Selon Gilles Brassard, c’est toutefois la théorie de la téléportation quantique qui est sa plus grande contribution à la science. « Cette découverte a complètement bouleversé l’édifice de l’informatique quantique », croit-il, ajoutant que tout ce qui se fait aujourd’hui dans le domaine en découle.

En 1992, en marge d’une présentation à l’Université de Montréal, un groupe de six scientifiques se réunit dans son bureau pour un « brainstorm de deux heures », raconte Gilles Brassard. Les chercheurs retournent ensuite de leur côté et continuent à gribouiller. Quelques heures plus tard, la téléportation quantique est née. « C’était un moment magique », se souvient Gilles Brassard.

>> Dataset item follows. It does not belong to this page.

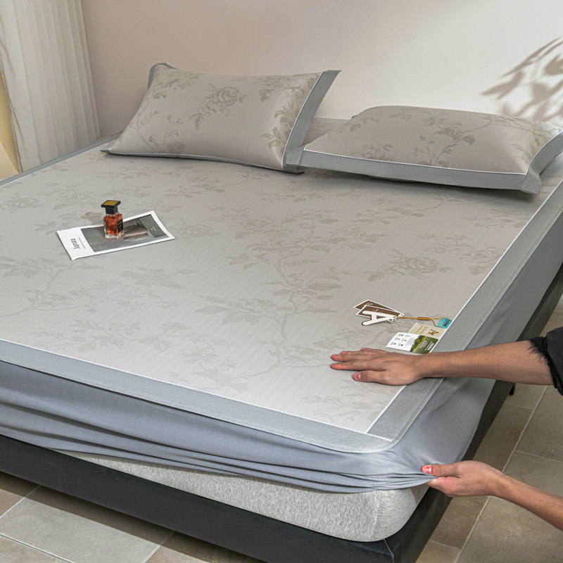 夏季800g冰豆豆冰丝席三件套可水洗凉席空调软席子提花双层纱包边

Depuis, plusieurs laboratoires ont réussi à téléporter des photons. Le record de distance est actuellement de 1400 km.

Dès le milieu des années 1990, c’est la consécration pour Gilles Brassard. Il est fait membre de la Société royale du Canada (1996), fellow de la Royal Society of London (2013), officier de l’ordre du Canada (2013) et officier de l’ordre national du Québec (2017), en plus d’obtenir trois doctorats honorifiques.

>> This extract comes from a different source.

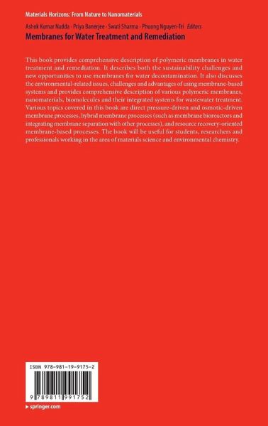 This book provides comprehensive description of polymeric membranes in water treatment and remediation. It describes both the sustainability challenges and new opportunities to use membranes for water decontamination. It also discusses the environmental-related issues, challenges and advantages of using membrane-based systems and provides comprehensive description of various polymeric membranes, nanomaterials, biomolecules and their integrated systems for wastewater treatment. Various topics covered in this book are direct pressure-driven and osmotic-driven membrane processes, hybrid membrane processes (such as membrane bioreactors and integrating membrane separation with other processes), and resource recovery-oriented membrane-based processes. The book will be useful for students, researchers and professionals working in the area of materials science and environmental chemistry.

En attendant l’ultime trophée, Gilles Brassard se plaît à assister à l’essor de la communication quantique en Chine, qui dépense 200 millions de dollars par an pour implanter un réseau. Une « épine dorsale » de fibre optique relie maintenant Beijing à Shanghai. Le gouvernement utilise déjà la ligne, et des banques ont récemment commencé à tester le réseau pour leurs activités, indique M. Brassard. En 2016, l’empire du Milieu a même lancé un satellite équipé pour la communication quantique. Ses messages sont chiffrés avec BB84.

Cryptographie quantique

Pour transmettre un message, le protocole exige l’échange d’une « clé de chiffrement ». Cette longue séquence de 0 et de 1 est encodée avec des photons, des particules qui obéissent à la mécanique quantique. Si un espion intercepte l’un des photons de la clé, son intrusion devient aussitôt évidente aux deux correspondants. Ils font alors avorter la communication. Par contre, si la clé est échangée avec succès, les correspondants transmettent le message chiffré, que le destinataire peut déchiffrer avec la clé. Les lois de la physique certifient qu’aucun espion ne peut briser ce protocole sans être détecté, même avec des ressources illimitées.

Téléportation quantique

Ce protocole ne permet pas de téléporter un corps, mais plutôt de l’information. La procédure tire avantage de l’intrication, un phénomène purement quantique qu’Einstein appelait une « action fantomatique à distance ».